The second and final stanza of ‘Anthem for Doomed Youth’ is a sestet and reads: ‘What candles may be held to speed them all?/Not in the hands of boys, but in their eyes/Shall shine the holy glimmers of goodbyes./The pallor of girls’ brows shall be their pall;/Their flowers the tenderness of patient minds,/And each slow dusk a drawing-down of blinds.’

Just like the first stanza, the second stanza begins with a rhetorical question. The word ‘candles’ is an instance of visual imagery and a symbol of funeral and death within the context of the poem. In the second line, we are told that these candles are held in the eyes, not in the hands of the surviving youths to bid their fallen comrades farewell. It is possible that the surviving youths themselves are wounded or maimed and so cannot carry the candles. They can only watch helplessly as their late comrades are given their final rites of departure from the world. There is a caesura in the second line in the form of a comma. The third line is a continuation of the first second and contains alliteration, visual imagery and euphemism as its dominant tropes. The expression ‘shall shine’ is an example of alliteration, seen in the repetition of the voiceless fricative sound in ‘shall’ and ‘shine’. The expression ‘glimmers’ is an instance of visual imagery while ‘goodbyes’ is a euphemism for death.

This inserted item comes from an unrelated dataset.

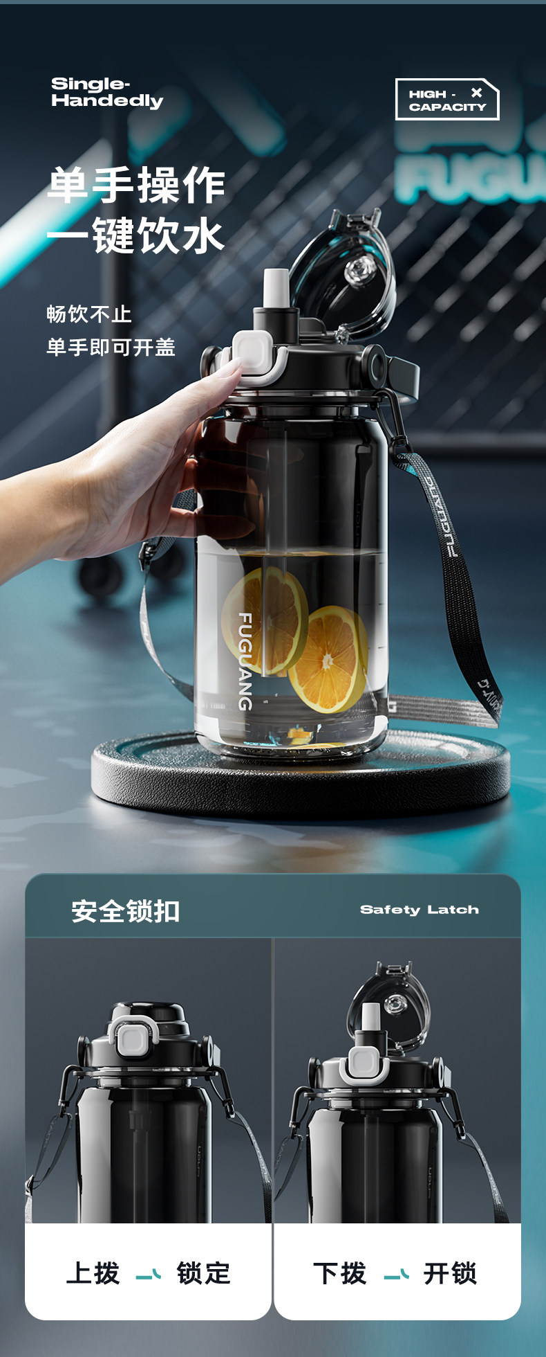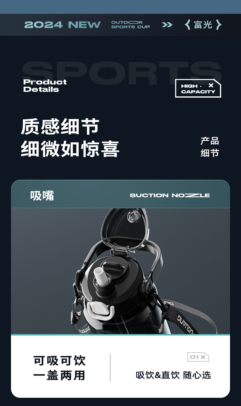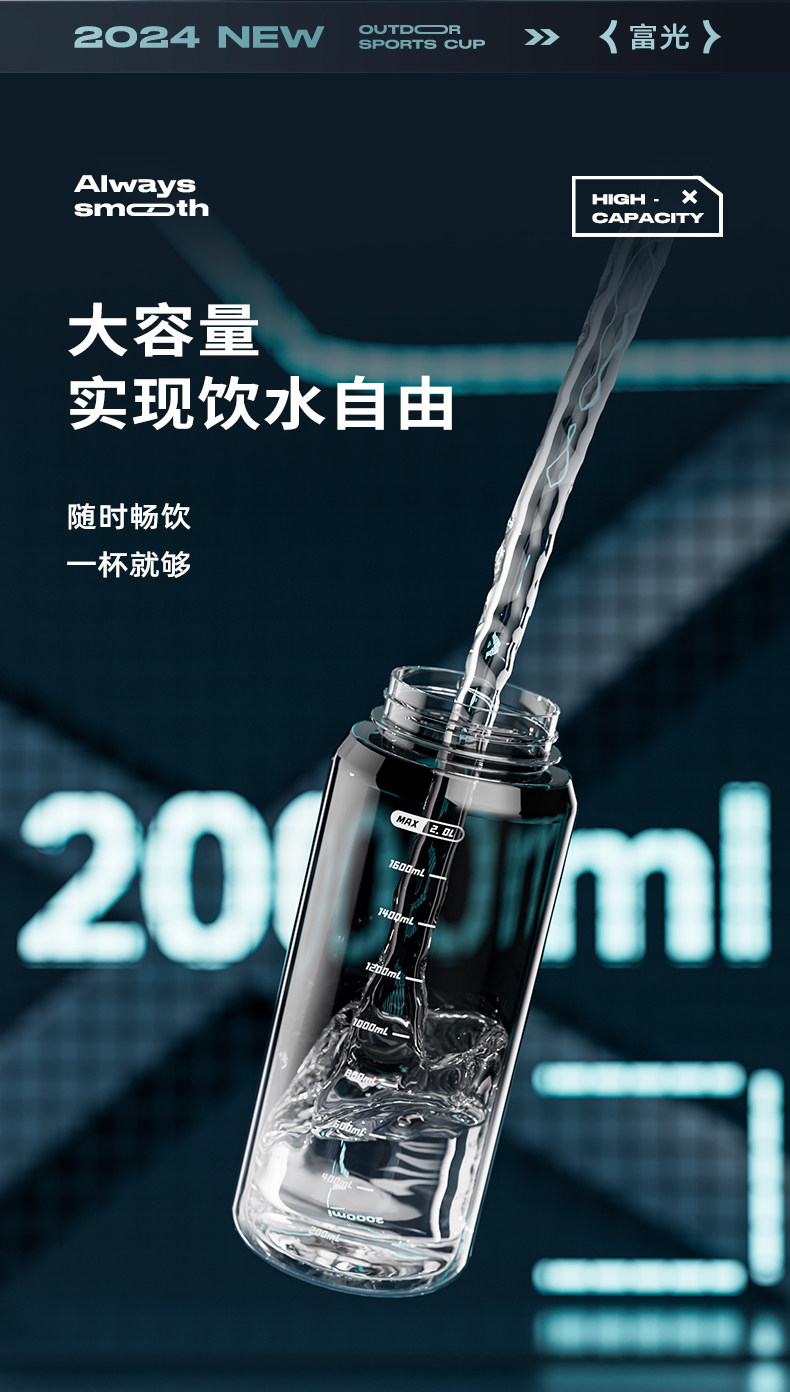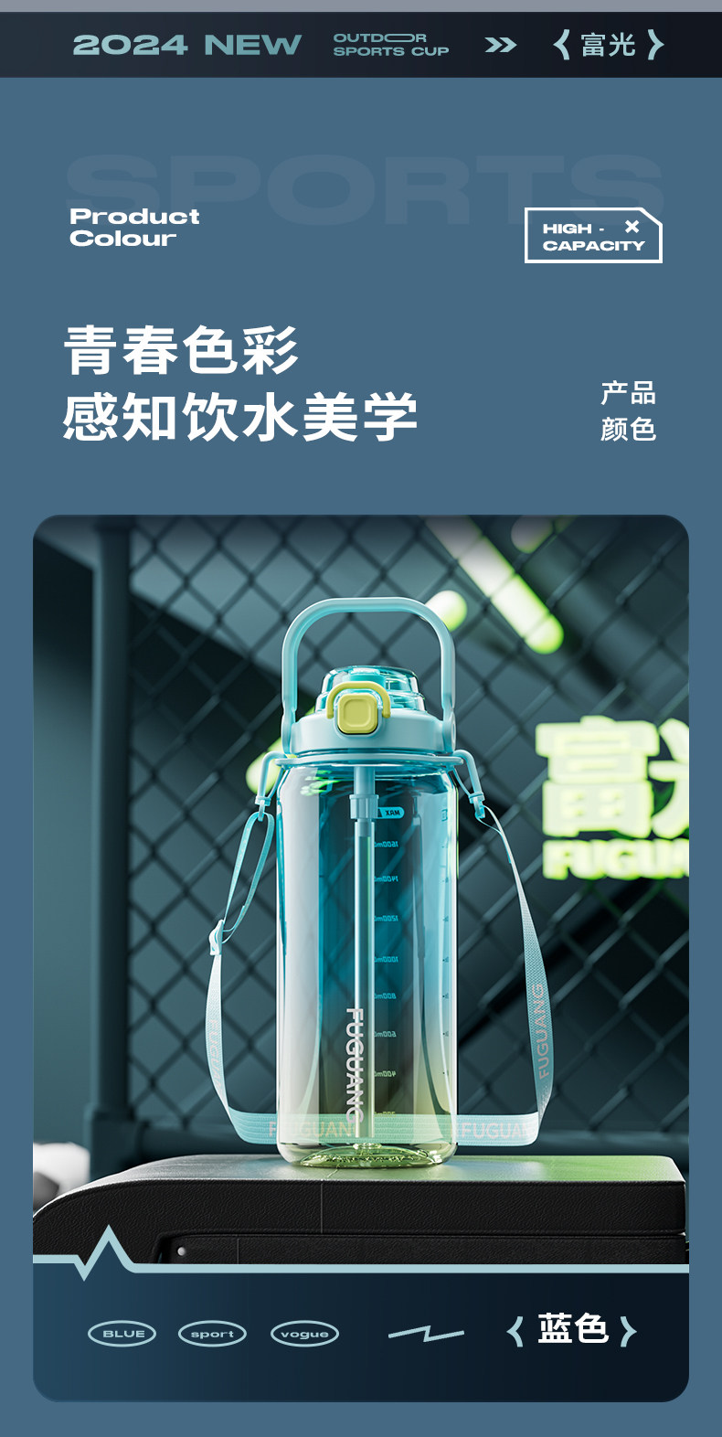 Fuguang Water Bottle for Men, Large Capacity Water Jug, Summer High-Temperature Resistant, Ton-Ton Bucket, Outdoor Portable Sports Fitness Space Cup

The fourth line speaks of how the wives, mothers or girlfriends of the departed youths mourn and suffer while wishing them the final farewell. The word ‘pallor’ means an unhealthy pale appearance and it is used to describe the eyebrows of the mourning girls. The entire line is a metaphor as the girls’ brows are compared to palls – a cloth spread over a coffin or a grave or any device used to carry the dead.

In the penultimate line, it is seen that the girls also carry flowers, another symbol of funeral and death within the context of the poem. This line too is a metaphor as the flowers are compared to ‘the tenderness of patient minds’. Flowers are usually used to mourn or remember the dead. The final line is a fitting closure for a poem about death and untimely departure from the world. Most of the imagery it deploys suggests closure or ending. An example is ‘dusk’ which is twilight, a moment in the evening that signals the end of the day. Another imagery that suggests closure or ending is captured in ‘drawing-down of blinds’, a dramatic gesture that brings every play to an end. But in this case, lives and a poem that describes the loss of these lives.

Through such poetic tropes as rhetorical question, alliteration, visual imagery, euphemism and caesura, the poet dramatises to us the idea of death through war as a catastrophic phenomenon that brings grief to the hearts of those alive and which inevitably brings all forms of relationships to an abrupt ending.